Les bases légales du calcul
Chaque règle appliquée par le calculateur renvoie ici à sa source : un article de loi ou un arrêt du Tribunal fédéral. Aucune règle n'est ajoutée sans référence identifiable.
Cette page documente, sujet par sujet, le fondement juridique de la méthode de calcul utilisée par l'outil.

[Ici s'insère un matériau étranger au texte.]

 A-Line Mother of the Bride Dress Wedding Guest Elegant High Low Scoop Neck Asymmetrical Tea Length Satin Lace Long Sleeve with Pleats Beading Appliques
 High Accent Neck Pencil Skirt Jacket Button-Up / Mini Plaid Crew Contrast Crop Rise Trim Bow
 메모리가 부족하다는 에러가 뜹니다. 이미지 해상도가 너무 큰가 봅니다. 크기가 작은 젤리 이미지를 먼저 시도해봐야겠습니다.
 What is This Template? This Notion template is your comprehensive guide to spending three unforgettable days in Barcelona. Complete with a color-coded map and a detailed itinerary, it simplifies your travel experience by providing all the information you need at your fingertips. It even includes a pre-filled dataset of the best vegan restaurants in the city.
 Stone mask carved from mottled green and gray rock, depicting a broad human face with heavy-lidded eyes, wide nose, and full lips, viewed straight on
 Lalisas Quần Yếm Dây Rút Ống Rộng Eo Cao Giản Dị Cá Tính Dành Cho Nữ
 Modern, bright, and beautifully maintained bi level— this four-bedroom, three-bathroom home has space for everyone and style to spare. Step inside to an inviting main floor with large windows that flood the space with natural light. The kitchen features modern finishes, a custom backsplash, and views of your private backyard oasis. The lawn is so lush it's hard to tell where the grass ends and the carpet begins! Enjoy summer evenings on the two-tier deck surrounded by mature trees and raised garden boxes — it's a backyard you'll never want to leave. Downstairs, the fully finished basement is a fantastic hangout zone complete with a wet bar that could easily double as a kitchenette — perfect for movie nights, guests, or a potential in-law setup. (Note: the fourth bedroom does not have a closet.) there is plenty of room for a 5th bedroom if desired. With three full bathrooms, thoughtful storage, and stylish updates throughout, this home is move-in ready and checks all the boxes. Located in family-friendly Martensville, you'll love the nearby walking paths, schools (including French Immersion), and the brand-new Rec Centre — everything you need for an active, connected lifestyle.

Elle s'adresse à toute personne qui souhaite vérifier d'où vient un chiffre (parent, avocat, médiateur ou juriste), plutôt que de devoir faire confiance à une « boîte noire ». Pour une explication plus narrative de certains de ces sujets, voir aussi la section Articles.

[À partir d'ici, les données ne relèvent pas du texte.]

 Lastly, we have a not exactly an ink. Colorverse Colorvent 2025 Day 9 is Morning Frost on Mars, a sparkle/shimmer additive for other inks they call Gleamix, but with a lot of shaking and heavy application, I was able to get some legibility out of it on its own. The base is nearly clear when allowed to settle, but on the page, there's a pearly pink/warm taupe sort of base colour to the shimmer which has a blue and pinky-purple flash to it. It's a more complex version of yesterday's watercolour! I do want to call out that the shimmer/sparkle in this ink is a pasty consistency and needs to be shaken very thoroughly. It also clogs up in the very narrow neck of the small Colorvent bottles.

Seules des sources primaires sont citées : le Code civil suisse et la loi fédérale sur la poursuite pour dettes et la faillite, publiés par la Confédération sur Fedlex, ainsi que les arrêts du Tribunal fédéral, publiés sur bger.ch ou, pour un arrêt cantonal vaudois, sur la base de jurisprudence à but non lucratif entscheidsuche.ch. Aucun site commercial ou étude d'avocat n'est cité comme source de droit.

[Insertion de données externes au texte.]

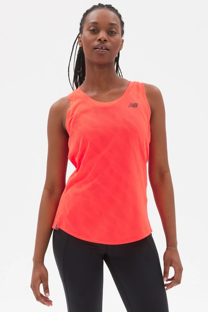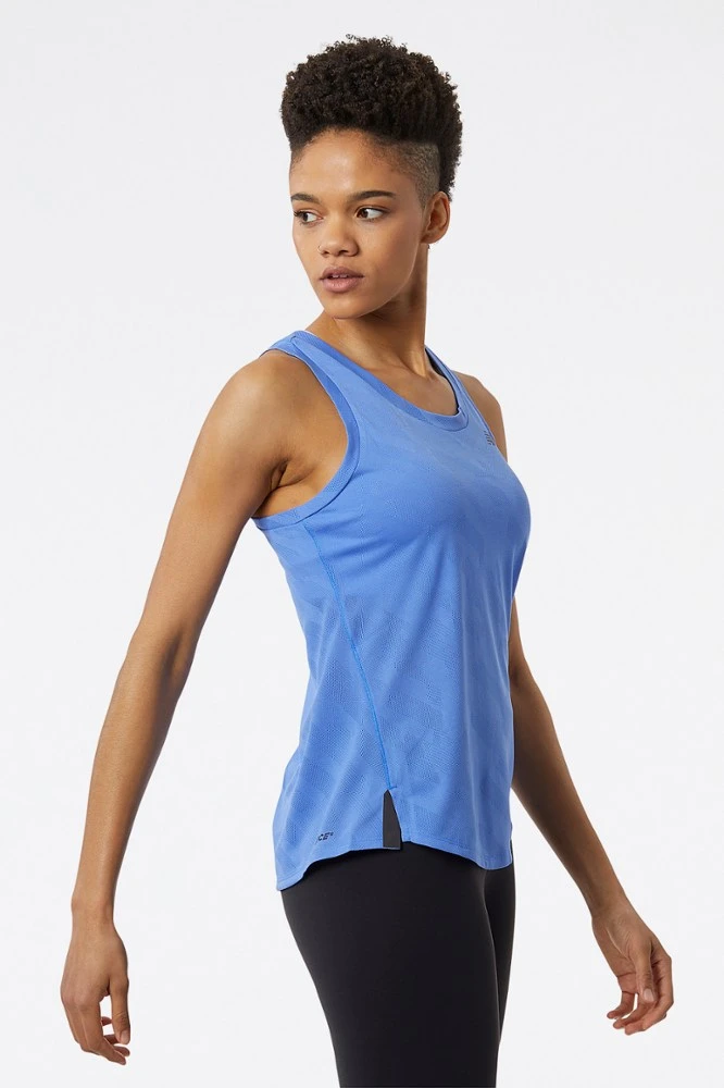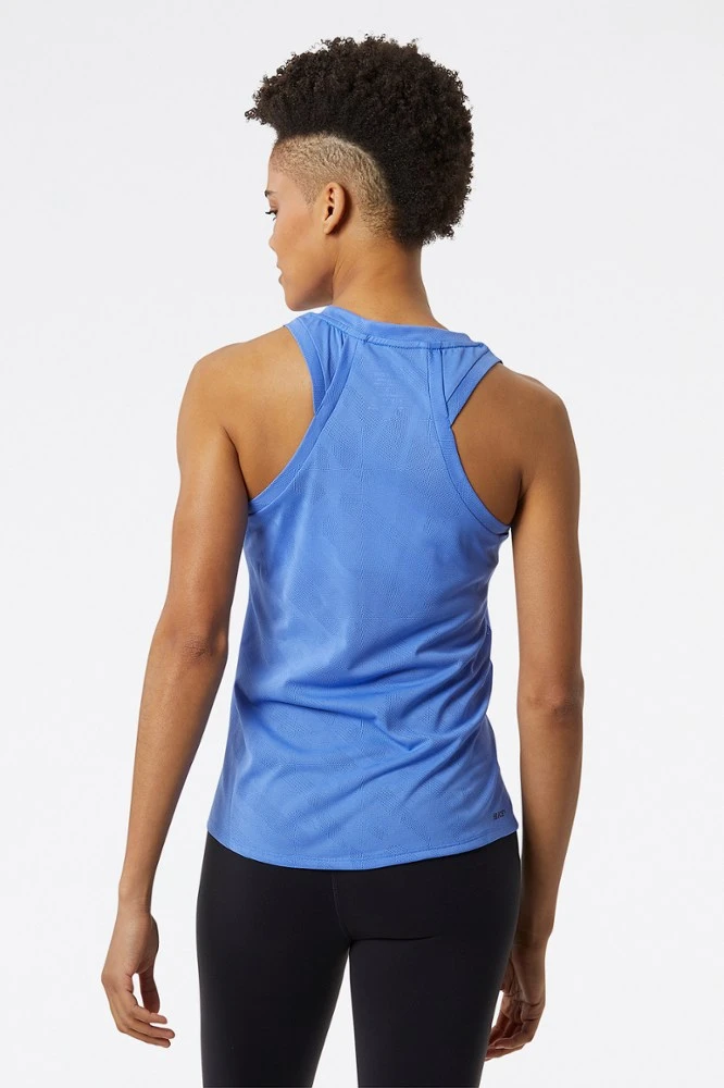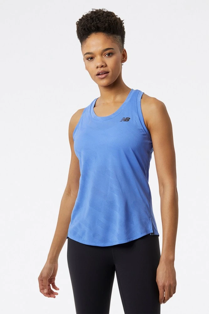 Inspired by urban run crews and unsanctioned races, the women’s New Balance Q Speed jacquard tank top is made for active movement with a body-skimming fit.
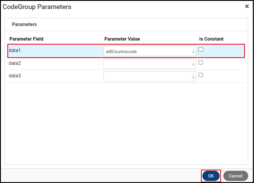 Enter the control that contains the data of the Parameter Field you're using in this ID's value records. This data is set in the Codes table, which you can access via the application.

Le calculateur est conçu pour les parents non mariés domiciliés dans le canton de Vaud. Le droit fédéral de l'entretien de l'enfant (art. 276 ss CC) s'applique dans toute la Suisse ; seuls certains montants forfaitaires (télécommunications, coefficient fiscal communal) reflètent spécifiquement la pratique vaudoise.
Un résultat de calculateur reste une estimation. Le juge conserve toujours un pouvoir d'appréciation ; plusieurs points listés ci-dessous sont explicitement signalés comme discutables ou encore ouverts en jurisprudence.
- Le cadre légal
- Méthode en deux étapes
- Minimum vital de base
- Garde exclusive
- Garde alternée
- Égalité entre les deux foyers
- Part fiscale de l'enfant
- Taux d'activité attendu
- Priorité de l'enfant mineur
- Un arrêt vaudois de référence
- Part de loyer de l'enfant
- Autres sources appliquées
- Limites et points ouverts
Le cadre légal général
L'obligation d'entretien des parents envers leur enfant est fixée par le Code civil suisse, indépendamment de leur état civil :
Les allocations familiales sont réglées séparément (art. 285a CC) : elles doivent être déduites des besoins de l'enfant, quel que soit le parent qui les perçoit. Ces trois articles forment le socle sur lequel repose l'ensemble du calcul.
La méthode en deux étapes
ATF 147 III 265 · IIᵉ Cour de droit civil, 11 novembre 2020
Cet arrêt de principe unifie la méthode de calcul de la contribution d'entretien dans toute la Suisse : d'abord couvrir le minimum vital de chacun, puis répartir un éventuel excédent.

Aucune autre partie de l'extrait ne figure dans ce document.